Listy bazują na generowanych przez Cloudflare kanałach zagrożeń, które są dostępne jako listy adresów IP, co umożliwia bezpośrednią konsumpcję przez WAF. Każdy adres IP jest klasyfikowany poprzez połączenie danych z otwartych źródeł oraz analizę zachowania każdego adresu IP, w czym bardzo pomocna jest skala i zasięg sieci Cloudflare. Po dodaniu adresu IP do jednego z kanałów weryfikujemy jego klasyfikację, przesyłamy tę informację do naszych systemów bezpieczeństwa i udostępniamy ją naszym klientom w postaci zarządzanej listy adresów IP. Zawartość każdej listy jest aktualizowana wiele razy w ciągu dnia.

Oprócz generowania klasyfikacji adresów IP na podstawie wewnętrznych danych Cloudflare selekcjonujemy i łączymy kilka źródeł danych, które według nas zapewniają wiarygodny obraz aktywnych zagrożeń bezpieczeństwa i mają niewiele wyników fałszywie dodatnich. W obecnych warunkach adres IP należący do dostawcy chmury może jednego dnia rozpowszechniać złośliwe oprogramowanie, a następnego okazać się dla Twojej firmy krytycznym zasobem.

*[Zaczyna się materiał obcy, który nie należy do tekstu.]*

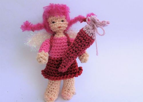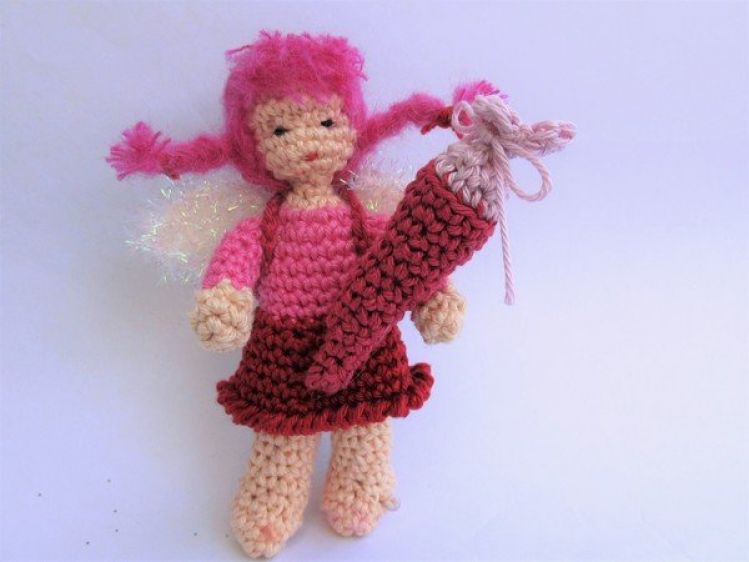 Das Engelchen wir etwa 12 cm großund kann am Schulranzen baumelnd das Kind jeden Tag in die Schule begleiten und beschützen.
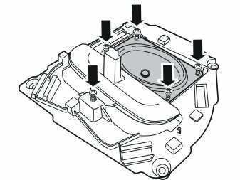 - Take the washer for mounting the screen's holder to the bracket and fit it on the underside of the holder.
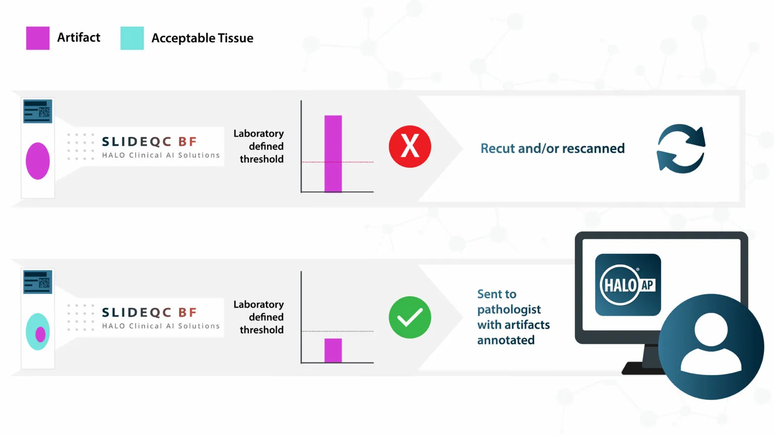 Within HALO AP®, SlideQC BF can automatically tag cases with slides meeting or exceeding a laboratory-defined artifact threshold for recut or rescan. Cases can then be triaged into separate worklists for automated quality control workflows, all before the pathologist ever receives the case.
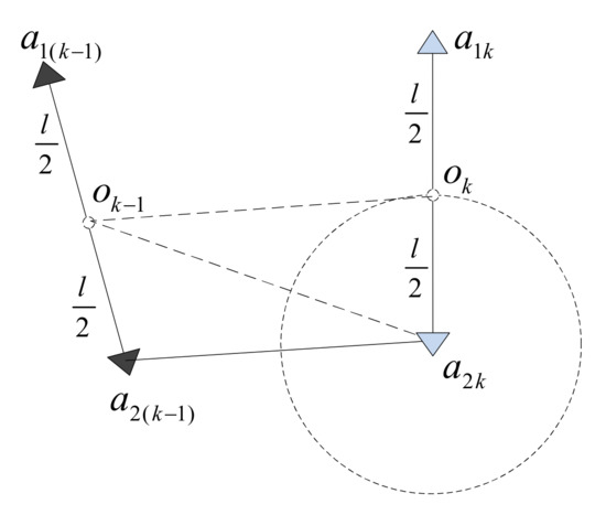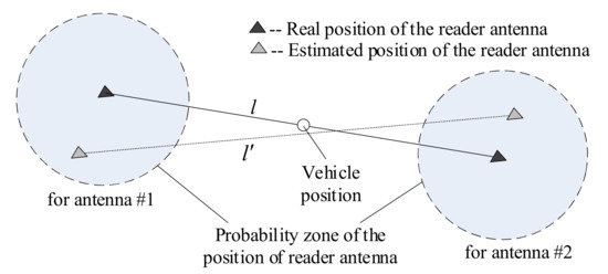 As shown in Figure 5, suppose at time step k, antenna #1 at position detects less than three tags so that antenna #1 cannot be positioned. While antenna #2 is at position detects more than three tags so that antenna #2 can be positioned. is the vehicle position at time k to be evaluated by the Monte Carlo algorithm. Since the position of antenna #2 is more reliable, joint positioning may use the position to correct the position of antenna #1.

Niektóre klasyfikacje adresów IP to ogólnodostępne dane ze źródeł typu OSINT, na przykład węzły wyjściowe sieci Tor. Cloudflare integruje je w listę anonimizatorów za Ciebie, dzięki czemu nie musisz integrować tej listy w każdy zasób w swojej sieci. Inne klasyfikacje są wyznaczane lub weryfikowane z użyciem różnorakich technik DNS, takich jak wyszukiwanie, wyszukiwanie rekordów PTR czy obserwacja pasywnych DNS z sieci Cloudflare.

Nasze listy skupiające się na złośliwym oprogramowaniu i serwerach dowodzenia są generowane dzięki wyselekcjonowanym partnerstwom. Wybierając partnerów, bierzemy pod uwagę między innymi źródła danych identyfikujące zagrożenia bezpieczeństwa, z którymi nie są powiązane rekordy DNS.

Nasza lista anonimizatorów obejmuje kilka typów usług, które ukrywają tożsamość, w tym VPN, otwarte proxy i węzły sieci Tor. Jest to zbiór obejmujący między innymi zawartość zawężonej listy VPN (węzłów znanych komercyjnych sieci VPN) i naszej listy otwartych serwerów proxy (serwerów pośredniczących niewymagających uwierzytelnienia).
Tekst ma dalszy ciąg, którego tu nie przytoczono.